Posted by: bradpierce | 2010/02/05

Cognitive fluency and SystemVerilog

According to Drake Bennett

One of the hottest topics in psychology today is something called “cognitive fluency.” Cognitive fluency is simply a measure of how easy it is to think about something, and it turns out that people prefer things that are easy to think about to those that are hard. On the face of it, it’s a rather intuitive idea. But psychologists are only beginning to uncover the surprising extent to which fluency guides our thinking, and in situations where we have no idea it is at work.

According to Surya Saha

So many features added in SV are very rarely used. And I got feedback from many designers/users that SV is huge, and the people getting frightened to digest the whole.

According to John Michael Williams

My limited experience with SystemVerilog is that it is frustratingly complicated and poorly supported, when comparing tool functionality with the full Std. It’s a “heap big” Std!

and

Reducing the complexity of SystemVerilog by any means would increase its acceptance by designers and project managers.

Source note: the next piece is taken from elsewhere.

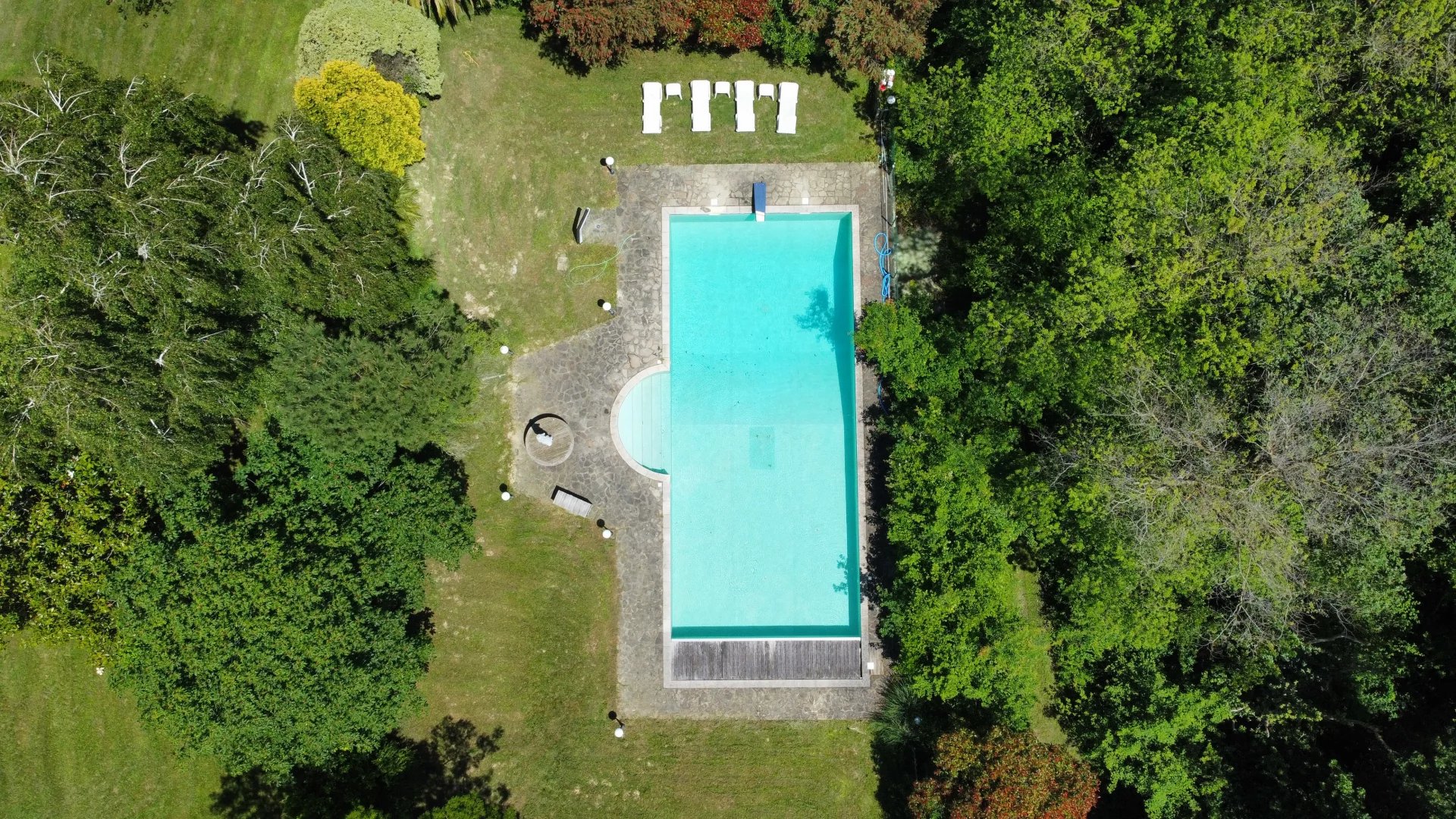 Le parc de plus de 2 hectares accueille de nombreuses variétés d'arbres et une piscine 16x8m.

According to Shalom Bresticker

If we take operator overloading, for example, then it is true that it is not very much implemented, but neither have I heard users complaining about it very much.

Is deprecation sometimes an enhancement?

Posted by: bradpierce | 2010/02/04

Intuition about SV modports

An important ambiguity in the SystemVerilog standard is what an output direction specifier in a modport declaration means. See, for example, comments in Mantis 2114.

Simulators are consistent with each other that the specifier has little meaning, that writing across a modport-type port is no different than writing across an interface-type port, namely, by reference.

In my opinion, this interpretation is contrary to intuition and to the very first paragraph of the LRM section on modports

To restrict interface access within a module, there are modport lists with directions declared within the interface. The keyword modport indicates that the directions are declared as if inside the module.

My intuition says a modport is just a way to declare a nested interface, implicitly instantiated by the enclosing interface instance.

For example, suppose interface IFC declares

modport mp(input x, output y, import f);

then it’s as if it had instantiated and declared

mp mp(.*);

interface mp(input … x, output … y);
function … f(…) = IFC.f(…); endfunction
endinterface

where the … abbreviates replicated signatures.

If ifc.mp is connected to a down-design, that’s exactly what’s connected — the nested interface instance — and references to the x and y in it are references to those ports x and y. For example, if x is a variable input port, then you can’t assign to it, and so on.

When a down-design port is declared IFC.mp or interface.mp, that just means that references across the port must go to the nested instance.

If GEN[5].mp is a generated modport, then connecting GEN[5].mp or the down-design imposing IFC.GEN[5].mp works out naturally, too.

Aside: There seems to be some vague family resemblance here with the prototype-based inheritance and delegation of JavaScript or Self.

Posted by: bradpierce | 2010/01/27

Requirements analysis


The most dangerous errors are bogus or incomplete requirements

  • Don’t solve the wrong problem
  • Don’t solve half the problem
  • Doing a wrong thing “right” is still wrong

Requirements analysis is difficult

  • Don’t jump to easy conclusions
  • You can’t read minds
  • Make the resolutions explicit
  • A conversation with customer
  • A form of gentle negotiation

Focus first on the real needs, not on the particular means proposed to satisfy those needs.